I was wild with fury. I drew my knife. I would have had her look frightened and sue for mercy—but that woman was a demon. I cried: “For the last time I ask you, Will you stay with me?”

“No! No! No!” she said and she stamped her foot. Then she pulled a ring I had given her off her finger and cast it into the brushwood. I struck her twice over—I had taken Garcia’s knife because I had broken my own. At the second thrust she fell without a sound. It seems to me that I can still see her great black eyes staring at me. Then they grew dim and the lids closed.—For a good hour I lay there prostrate beside the corpse.’—

No play-acting could make the scene so pregnant and palpitant with human-stuff and alive in vision as that translucent jewel-prose of Mérimée. But so close as one art may counterfeit another, by drinking-up the fiery spirit essence which informs it, so close did this actor-woman compass and consummate the strong delicious unafraidness of Carmen’s death-hour.

The scene was staged as in the opera—a court outside the bull-fighting arena, with Carmen richly bejeweled and dressed in the lacy smart-lady clothes of the Toreador’s mistress. But that was nothing. The gypsy wildness of the written scene was in every insolently splendid bodily movement and each fateful loveliness of eyes and lips of the fulfilling Theda Bara.

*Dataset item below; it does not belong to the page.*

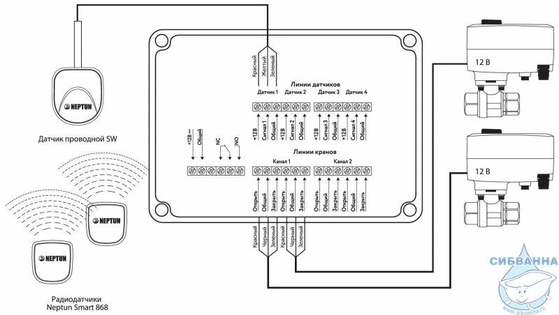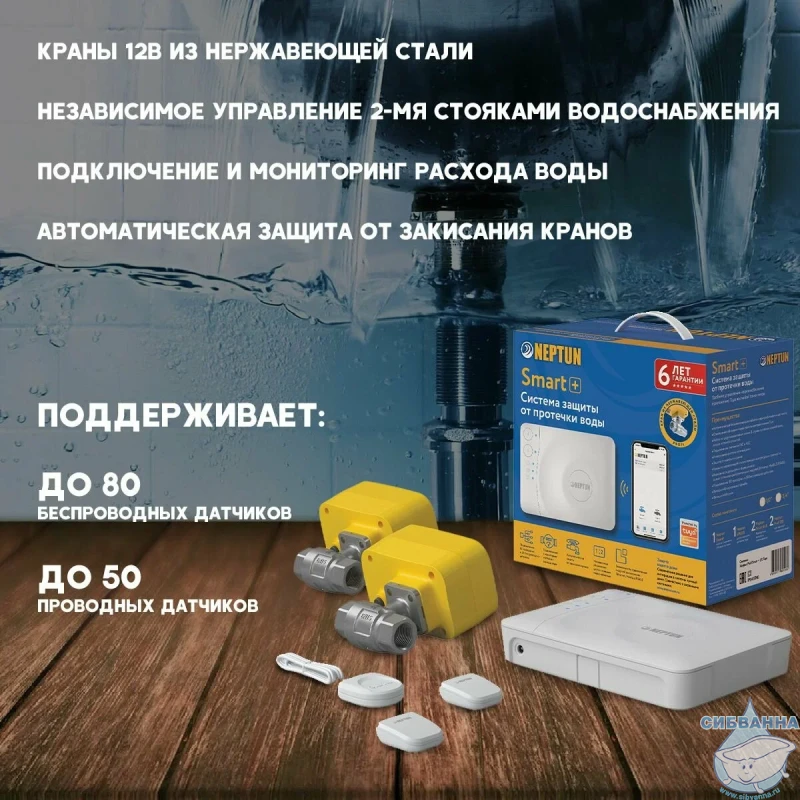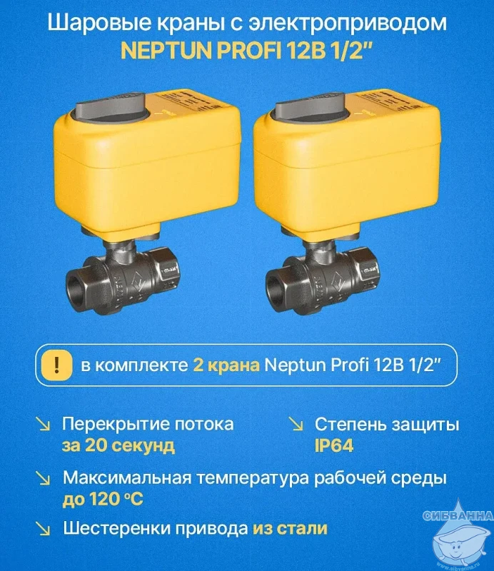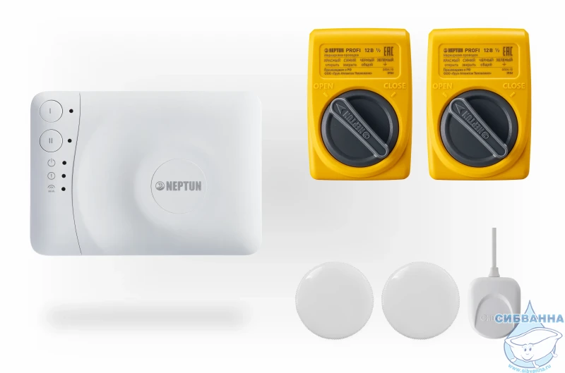 Neptun Profi Smart поступает в продажу в комплекте с основными приборами, которые необходимы для установки системы и обеспечения ее бесперебойной работы. В составе модуль управления (1 шт), радиодатчик Neptun Smart 868 (2 шт), датчик Neptun SW 005 (1 шт), шаровой кран с электроприводом Neptun PROFI 12В (2 шт) и блок питания на 12 В (1 шт).

I can still see the dark drooping-lidded dying eyes. I sensed Carmen in conscious chambers of my Mind. I felt her in my throat. It was Carmen herself living and breathing near me, the fearsomely adorable Carmen who has haunted the edge of my thoughts since I first read her.

There are some odd crudenesses in Theda Bara’s acting which had the effect of making her un-stagey, unobvious. They made her humanly vibrant. And they added a devilish wistfulness to her Carmen and a surprising feel of genuineness to the whole masque.

The actor’s art brings out the romance which is in human bone-and-flesh. And Theda Bara seems someway a master of its physical and spiritual subtleties. She expressed the swift emotion of Carmen by ringing slightest possible changes on her own virile and mobile body: insolence by kimboing an elbow: cruelty by the twitch of a wrist: sensual feeling by moving a knee and an ankle: murder in the twisting of her waistline: a fleet repressed animal tenderness by a posture of shoulder and breast: a heartbreak of mirth in her careless vivid lips: the desperate bravery of that death by the tilt of her potent chin: the hurricane-freedom of Carmen’s soul by lifting her face and her arms in the night wind. She worked with an exquisite muscular sincerity, as if she strongly gave her best of brain and blood and mettle to the part.

I looked at photographs of her which decorated the lobby of the theater. She looks a beautiful and earnest-seeming girl of a mental rather than a physical caste, with melancholy dark eyes, a childlike mouth-profile and the slim [patrician] hands of a Bourbon duchess. She will live in my warmed memory as the star of all the Carmens.